From the previous printout, we see that we have keys in the data like no
, action
, event_pk
,
etc. We can provide querystring parameters with our request so that the data we get back
matches those criteria. Notice that in the following code, we've added querystring parameters to do
data filtering.
# Request data where survey is KWAK and the date falls sometime in 2016.

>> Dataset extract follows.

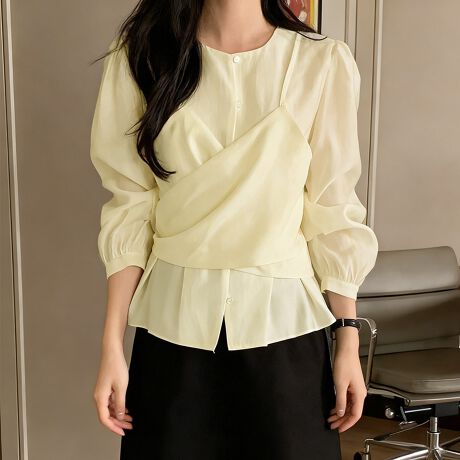 ラップ風のデザインが特徴的な長袖ブラウスです。

request = client.get("https://hecate.hakai.org/api/eims/views/output/chlorophyll?survey=KWAK&date>=2016-01-01&date<2017-01-01")
data = request.json()
print(data)
# [
# {
# "no": "8751",
# "action": "",
# "event_pk": 30395,
# "rn": "1",
# "date": "2016-01-16",
# "work_area": "CALVERT",
# "survey": "KWAK",
# "sampling_bout": 1,
# "site_id": "KC1",
# "lat": 51.6545,
# "long": -128.1289,
# "gather_lat": null,
# "gather_long": null,
# "collection_method": null,
# "line_out_depth": 0,
# "pressure_transducer_depth": null,
# "volume": 250,
# "collected": "2016-01-17T03:35:13.000Z",
# "preserved": "2016-01-16T00:50:30.000Z",
# "analyzed": "2016-01-26T18:44:21.000Z",
# "lab_technician": "Bryn,Emma",
# "project_specific_id": null,
# "hakai_id": "CHL4605",
# "is_blank": null,
# "is_solid_standard": null,
# "filter_size_mm": null,
# "filter_type": "Bulk GF/F",
# "acetone_volume_ml": 10,
# "flurometer_serial_no": "720001154",
# "calibration": "2015-08-06T07:00:00.000Z",
# "acid_ratio_correction_factor": 1.364,
# "acid_coefficient": 3.748,
# "calibration_slope": 0.0005069,
# "before_acid": 109869.3,
# "after_acid": 78069.69,
# "acid_flag": null,
# "chla": 1.33788238698795,
# "chla_flag": "AV",
# "chla_final": 1.33788238698795,
# "phaeo": 3.02402733269205,
# "phaeo_flag": "AV",
# "phaeo_final": 3.02402733269205,
# "analyzing_lab": "HAKAI",
# "row_flag": "Results",
# "quality_level": "Principal Investigator",
# "comments": "",
# "quality_log": "1: Results QC''d by BH"
# },
# ...19 more rows
# ]
3. Remove the restriction on the number of records being returned.
In the previous step, if you look at the returned result, you'll notice there are only 20 rows of
data returned even though we expect there to be many more. This is due to a default limit that
restricts the api from returning more than 20 records. To remove this limit, add the querystring
parameter limit=-1
. Please note that you might receive a lot of data when you remove this
limit. You should filter your results in some way to prevent your script from crashing due to
receiving too much data at once.
#
request = client.get("https://hecate.hakai.org/api/eims/views/output/chlorophyll?survey=KWAK&date>=2016-01-01&date<2017-01-01&limit=-1")
data = request.json() # The data variable now contains all the 2016 KWAK chlorophyll data
# This will print about 316 data records of chlorophyll data from the KWAK survey collected in 2016
print(data)
Note: Default limit
By default, all urls will only return 20 records. The reason for this is that if all records
where returned, you might for example request a million rows of CTD data at once and cause your
script and the api service to crash. Fortunately, the API will restart itself if this happens,
but you may need to force close your script to recover. To avoid this, you must add filters to
your request as in the above tutorial to reduce the number of records returned before adding the
query string parameter limit=-1
to turn off the default sample restriction. For more details
about the ways you can filter data, see the querying data documentation.
Why is there a default limit?
The default limit stops people from requesting too much data at once. If you request too much data at once, you might cause the api service to crash. If this happens, it will automatically restart, but you will end up waiting a long time, and eventually get an error message instead of the data you were expecting. To avoid this, you must add filters to your request as in the above tutorial to reduce the number of records returned.